(Available data):

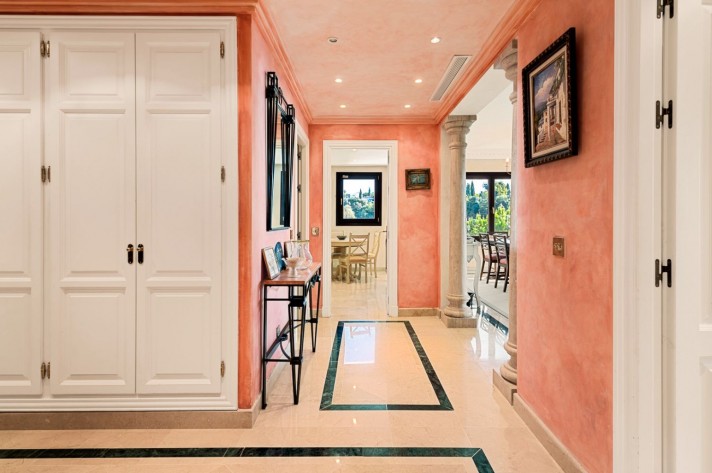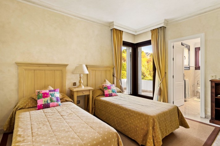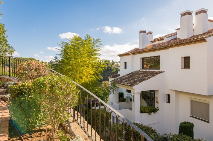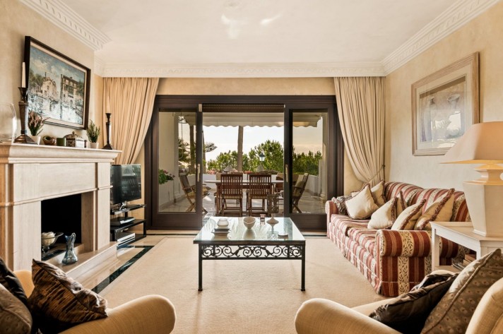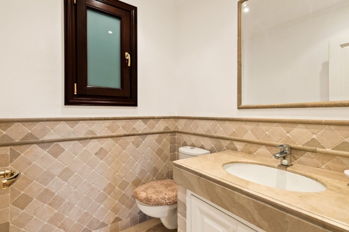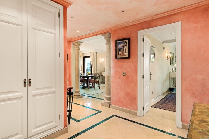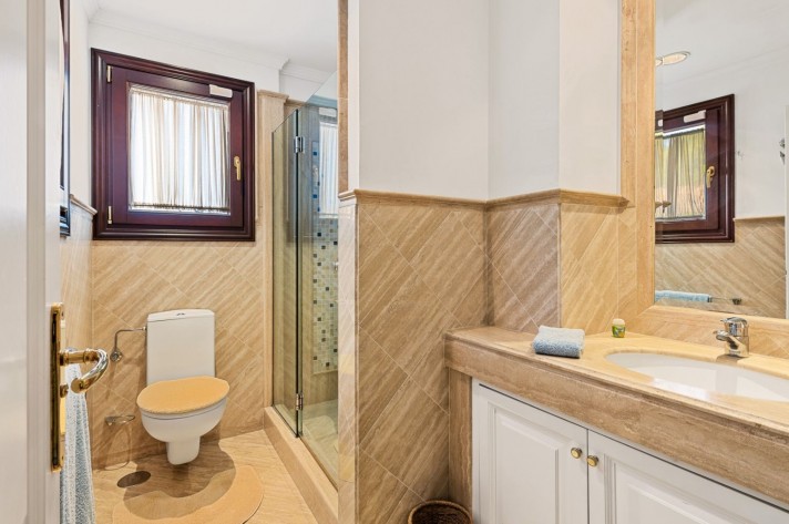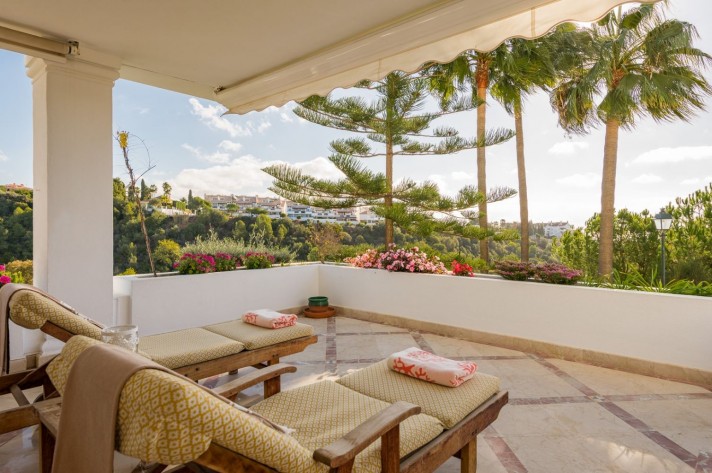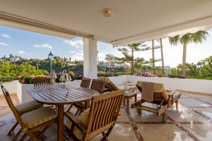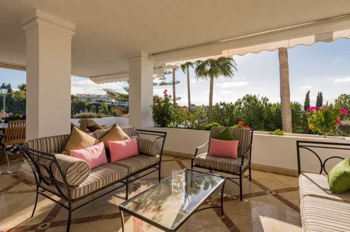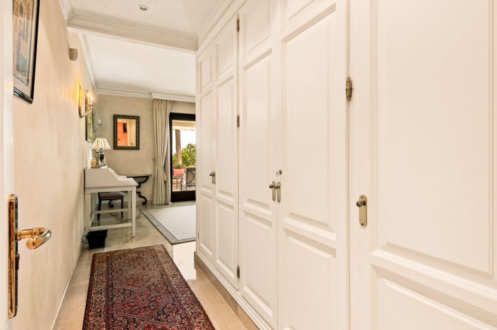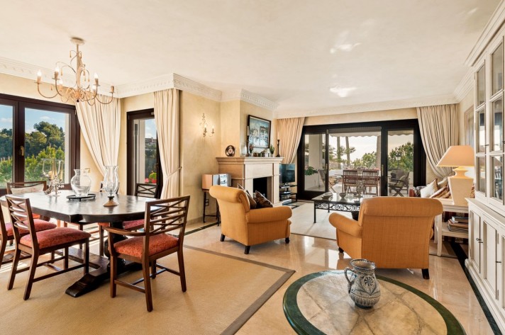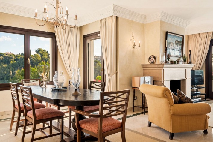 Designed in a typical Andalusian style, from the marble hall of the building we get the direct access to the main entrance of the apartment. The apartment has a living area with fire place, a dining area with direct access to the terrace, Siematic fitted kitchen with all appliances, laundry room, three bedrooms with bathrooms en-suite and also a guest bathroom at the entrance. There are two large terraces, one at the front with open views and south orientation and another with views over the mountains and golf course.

--

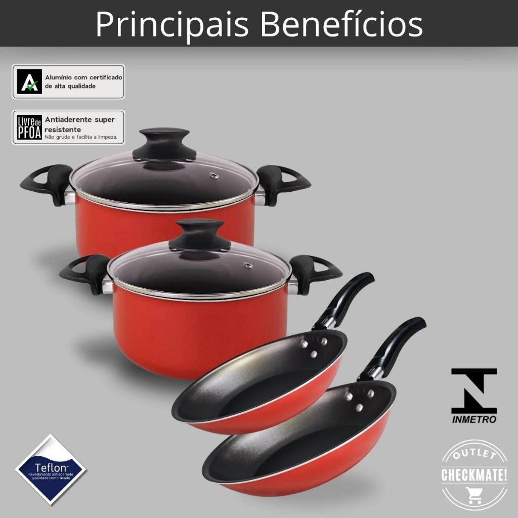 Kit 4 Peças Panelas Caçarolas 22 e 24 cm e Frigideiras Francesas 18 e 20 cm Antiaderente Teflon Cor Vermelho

...

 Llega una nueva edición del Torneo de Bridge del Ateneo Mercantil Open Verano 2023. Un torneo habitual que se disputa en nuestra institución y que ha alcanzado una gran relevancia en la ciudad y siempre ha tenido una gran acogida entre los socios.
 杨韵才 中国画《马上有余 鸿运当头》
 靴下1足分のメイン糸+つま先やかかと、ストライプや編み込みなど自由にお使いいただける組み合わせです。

(Exercise): The range runs from the line above containing "杨韵才 中国画《马上有余 鸿运当头》" to the line containing "靴下1足分のメイン糸+つま先", inclusive. Restate those lines word for word and no others.

(Response below):
 杨韵才 中国画《马上有余 鸿运当头》
 靴下1足分のメイン糸+つま先やかかと、ストライプや編み込みなど自由にお使いいただける組み合わせです。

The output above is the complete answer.